Add $e$ to $T^*$. A spanning tree gains exactly one cycle whenever you add any non-tree edge, so $T^* \cup \{e\}$ has a unique cycle. That cycle must cross the cut at least twice: $e$ crosses once, and the cycle eventually has to return to its starting side. Pick any other crossing edge $e'$ on the cycle; $e' \in T^*$.
Two micro-claims in that paragraph deserve their own pictures. First, why adding a non-tree edge to a spanning tree creates exactly one cycle:
Panel (1) draws a tree $T$ and picks two non-adjacent vertices $u$ and $v$. Panel (2) highlights the path from $u$ to $v$ inside $T$ and uses a structural fact about trees: between any two vertices, there is exactly one path (otherwise two distinct paths would close into a cycle, contradicting acyclicity). Panel (3) adds the non-tree edge $e = (u, v)$. That edge, together with the unique $u\!\to\!v$ path, forms a closed loop; one cycle.

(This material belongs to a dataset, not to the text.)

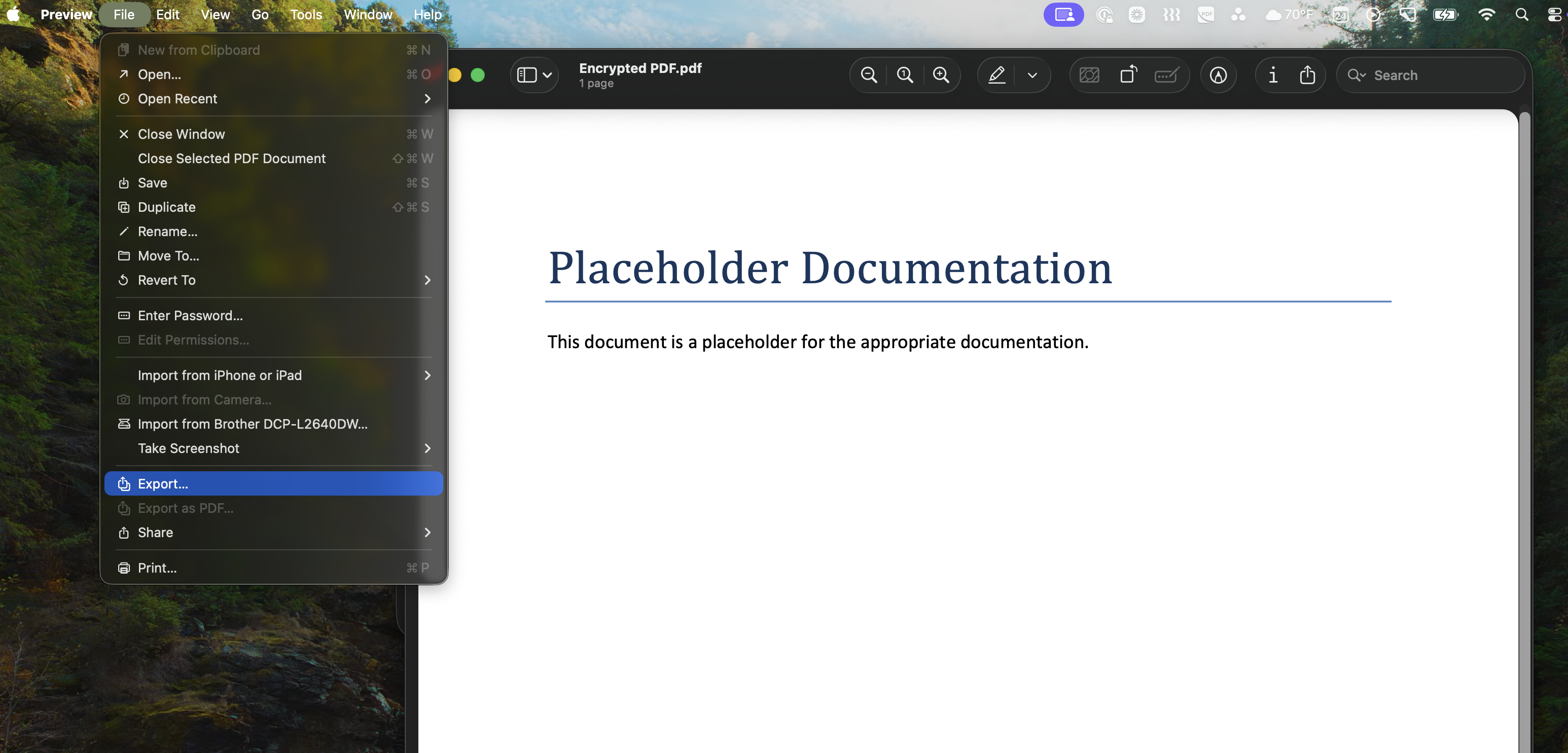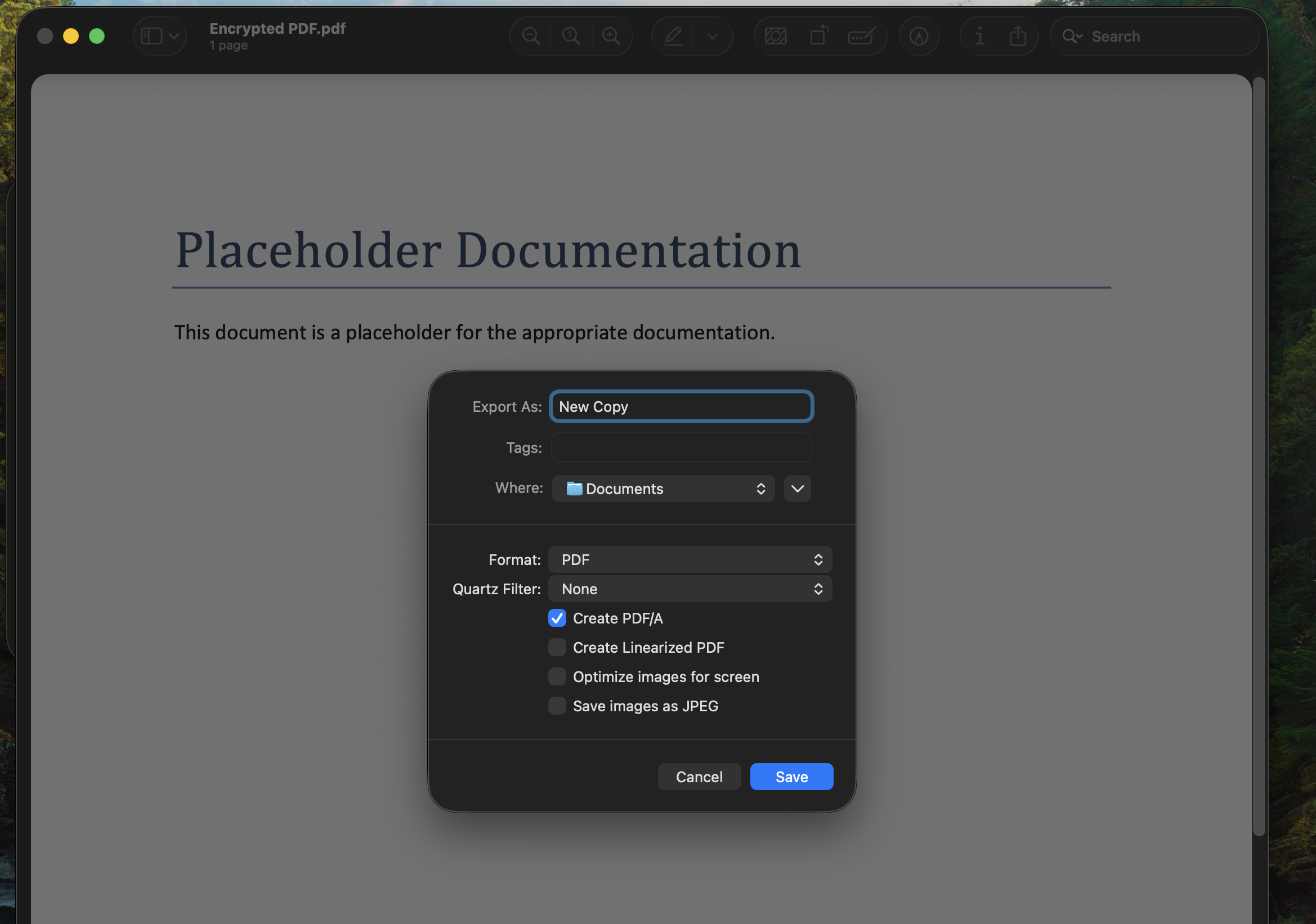If the file came from another system or source, it may have been encrypted automatically. In that case, you can try to request a non-encrypted copy from whoever provided the document. - Use “Print to PDF” (or a similar option) to create a new digital copy
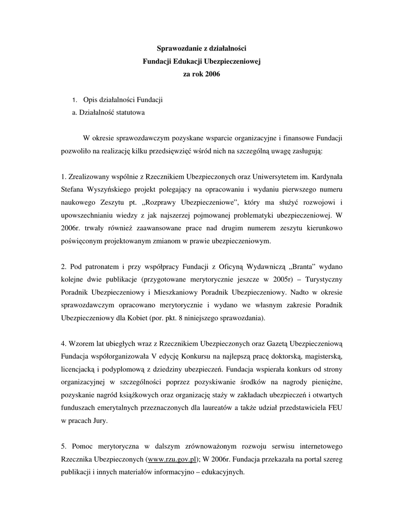 Sprawozdanie z działalności Fundacji Edukacji Ubezpieczeniowej za rok 2006 1. Opis działalności Fundacji a. Działalność statutowa W okresie sprawozdawczym pozyskane wsparcie organizacyjne i finansowe Fundacji pozwoliło na realizację kilku przedsięwzięć wśród nich na szczególną uwagę zasługują: 1. Zrealizowany wspólnie z Rzecznikiem Ubezpieczonych oraz Uniwersytetem im. Kardynała Stefana Wyszyńskiego projekt polegający na opracowaniu i wydaniu pierwszego numeru naukowego Zeszytu pt. „Rozprawy Ubezpieczeniowe”, który ma służyć rozwojowi i upowszechnianiu wiedzy z jak najszerzej pojmowanej problematyki ubezpieczeniowej. W 2006r. trwały również zaawansowane prace nad drugim numerem zeszytu kierunkowo poświęconym projektowanym zmianom w prawie ubezpieczeniowym. 2. Pod patronatem i przy współpracy Fundacji z Oficyną Wydawniczą „Branta” wydano kolejne dwie publikacje (przygotowane merytorycznie jeszcze w 2005r) – Turystyczny Poradnik Ubezpieczeniowy i Mieszkaniowy Poradnik Ubezpieczeniowy. Nadto w okresie sprawozdawczym opracowano merytorycznie i wydano we własnym zakresie Poradnik Ubezpieczeniowy dla Kobiet (por. pkt. 8 niniejszego sprawozdania). 4. Wzorem lat ubiegłych wraz z Rzecznikiem Ubezpieczonych oraz Gazetą Ubezpieczeniową Fundacja współorganizowała V edycję Konkursu na najlepszą pracę doktorską, magisterską, licencjacką i podyplomową z dziedziny ubezpieczeń. Fundacja wspierała konkurs od strony organizacyjnej w szczególności poprzez pozyskiwanie środków na nagrody pieniężne, pozyskanie nagród książkowych oraz organizację staży w zakładach ubezpieczeń i otwartych funduszach emerytalnych przeznaczonych dla laureatów a także udział przedstawiciela FEU w pracach Jury. 5. Pomoc merytoryczna w dalszym zrównoważonym rozwoju serwisu internetowego Rzecznika Ubezpieczonych (www.rzu.gov.pl); W 2006r. Fundacja przekazała na portal szereg publikacji i innych materiałów informacyjno – edukacyjnych. 6. Fundacja we współpracy ze Stowarzyszeniem na Rzecz Bezpieczeństwa Obywateli RP współpracowała merytorycznie w przygotowaniu e-lerningowego projektu „Edukacja ubezpieczeniowa w ramach przedmiotu - Podstawy Przedsiębiorczości”. Fundacja przygotowała merytoryczną zawartość modułu II projektu tj. słownik podstawowych pojęć ubezpieczeniowych, prezentację polskiego rynku ubezpieczeniowego i jego instytucji, charakterystykę wybranych ubezpieczeń gospodarczych działu II - majątkowych. Obecnie projekt znajduje się w fazie informatycznej aplikacji dostarczonych treści. 7. Fundacja w okresie sprawozdawczym przekazała szereg publikacji fachowych do prasy branżowej takiej jak „Monitor Ubezpieczeniowy”, „Gazeta Ubezpieczeniowa”, „Prawo Ubezpieczeń i Reasekuracja”, „Gazeta Prawna”; W ramach tej płaszczyzny działalności Fundacja przekazywała do periodyków branżowych artykuły problemowe, omówienie zmian w prawodawstwie i szereg innych opracowań. M.in. w wyniku tych działań w ostatnich latach Monitor zwiększył niemal trzykrotnie swoją objętość i jest postrzegany jako jeden z czołowych konsumenckich periodyków z zakresu ubezpieczeń i zabezpieczenia społecznego. 8. Realizacja szerokiego projektu edukacyjno - informacyjnego na rzecz polskich kobiet – pt. „Być kobietą ubezpieczoną” wobec ich roli w nowoczesnym europejskim społeczeństwie. W ramach akcji przygotowane i przeprowadzone zostały spotkania z kobietami w różnych regionach Polski gdzie prezentowano problematykę ubezpieczeń mieszkaniowych, torebek i innych specjalistycznych produktów dla kobiet (Warszawa 12 stycznia 2006 r.), zabezpieczenia na przyszłość z wykorzystaniem ubezpieczeń na życie szczególnie z opcją inwestycyjną (Trójmiasto 25 stycznia 2006 r.), ubezpieczeniom odpowiedzialności cywilnej w życiu prywatnym (Kraków 9 luty 2006 r.), ubezpieczeniom na rzecz dzieci – posagowym (Lublin 21 luty 2006 r.) i ubezpieczeniom zdrowotnym (Poznań 2 marca 2006 r.). Dodatkowo wobec zainteresowania akcją zorganizowane zostały dwa dodatkowe spotkania na zaproszenie rzeczników konsumenta w mniejszych ośrodkach - Gołubiu Dobrzyniu i Opatowie. Akcja i poczynione podczas jej realizacji obserwacje wraz z jej wynikami zostały podsumowane podczas Konferencji naukowej zorganizowanej we współpracy z Rzecznikiem w połowie 2006 roku. Ponadto w ramach projektu został zredagowany i wydany Poradnik ubezpieczeniowy „Być kobietą ubezpieczoną” (wrzesień 2006r) zawierający słowniczek pojęć ubezpieczeniowych wyjaśniający charakterystyczne dla ubezpieczeń pojęcia, omawiający kolejno ubezpieczenia majątkowe w tym osobowe i chorobowe oraz ubezpieczenia na życie. 9. W okresie sprawozdawczym kontynuowano współpracę z grupą ING Nationale Nederlanden przy organizacji Dziennikarskiej Akademii Ubezpieczeń, będącej kontynuacją wieloletniej (od 5 lat) szerszej w założeniach akcji edukacyjnych na rzecz podniesienia merytorycznego poziomu wiedzy dziennikarzy zajmujących się problematyką rynków finansowych. Akademia jest wartą podkreślenia formą współpracy mającą na celu dotarcie z wiedzą i popularyzację zagadnień z zakresu zabezpieczenia społecznego i ubezpieczeń gospodarczych szczególnie do dziennikarzy prasy lokalnej. Do tej pory odbyło się osiem tego typu spotkań poświęconych przede wszystkim problematyce ubezpieczeń życiowych, ubezpieczeń turystycznych, zmianom w prawie ubezpieczeniowym, zabezpieczeniu emerytalnemu ze szczególnym uwzględnieniem problematyki OFE oraz funduszom inwestycyjnym, głównie pod kątem budowanie bezpieczeństwa finansowego obywateli. Dwa z nich, które odbyły się w 2006 r. poświęcone zostały problematyce zabezpieczenia emerytalnego w ramach OFE, analizie sytuacji ekonomicznej Polski i prognozom rozwoju do 2010 r., tzw. Strategii Lizbońskiej dla ubezpieczeń, świadomości ubezpieczeniowej Polaków oraz drugie z nich poświę

Second, the half-step the proof slides over: we called $e$ “the lightest crossing edge,” not “a non-tree edge of $T^*$.” Why is $e$ automatically non-tree with respect to $T^*$?
It is the assumption doing the work. If $T^*$ happened to contain $e$, then $T^*$ itself would be an MST containing $A \cup \{e\}$ but the very thing we assumed (for contradiction) was that no MST contains $A \cup \{e\}$. So under the assumption the only consistent case is $e \notin T^*$. That is what makes $e$ a non-tree edge of $T^*$, and that is what licenses the “add $e$, get one cycle” step that comes next.
Now exchange: $T^{**} = T^* + e - e'$. We deleted one edge of the cycle, so $T^{**}$ is acyclic; we kept connectivity, so $T^{**}$ spans every vertex. $T^{**}$ is a spanning tree. Its weight is
$$ w(T^{**}) = w(T^*) - w(e') + w(e) \le w(T^*), $$because $e$ is the lightest crossing edge and $e'$ is a (not-necessarily-lightest) crossing edge, so $w(e) \le w(e')$. Since $T^*$ was an MST, $T^{**}$ is an MST too. And $T^{**}$ contains $A \cup \{e\}$ contradicting the assumption that no MST doe.s
Now back to the “$1 + 12$ vs $3 + 4$” trap. If a tree using the heavier-now branch $(3, 4, \ldots)$ were optimal, the exchange argument would surface an at-least-as-light tree containing the locally lighter edge $1$ instead of $3$. The crossing edges $1$ and $3$ both cross the same cut at the moment of decision; their cycle is what the argument operates on. The locally lightest crossing edge is not just safe it is globally safe in the only sense that matters, namely “an MST containing it exists.”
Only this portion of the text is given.